▶ **Task input**
++++++++++

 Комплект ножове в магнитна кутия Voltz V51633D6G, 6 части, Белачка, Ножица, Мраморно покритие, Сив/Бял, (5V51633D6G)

++++++++++

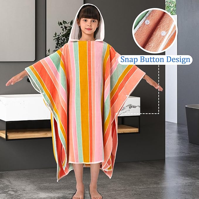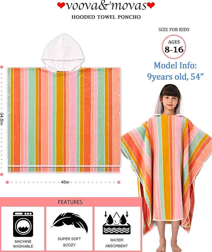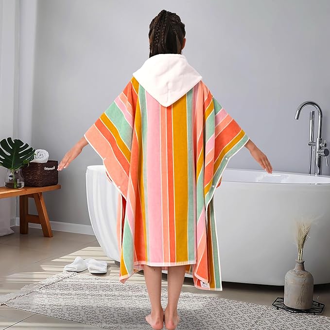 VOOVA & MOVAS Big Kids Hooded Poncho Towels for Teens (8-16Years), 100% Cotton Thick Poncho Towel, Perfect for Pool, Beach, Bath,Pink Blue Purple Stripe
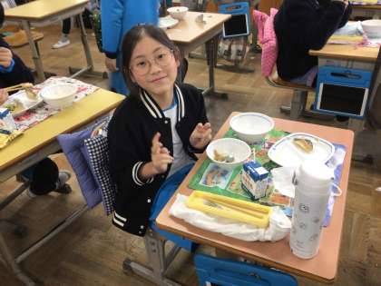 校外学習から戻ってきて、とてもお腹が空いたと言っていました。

++++++++++

▶ **Task to complete**
Print an exact copy of the lines above, from the one containing "VOOVA & MOVAS" through the one containing "校外学習から戻ってきて、とてもお腹が空いたと言っていました。", and leave out the pictures.

▶ **Result of the exercise**
 VOOVA & MOVAS Big Kids Hooded Poncho Towels for Teens (8-16Years), 100% Cotton Thick Poncho Towel, Perfect for Pool, Beach, Bath,Pink Blue Purple Stripe
 校外学習から戻ってきて、とてもお腹が空いたと言っていました。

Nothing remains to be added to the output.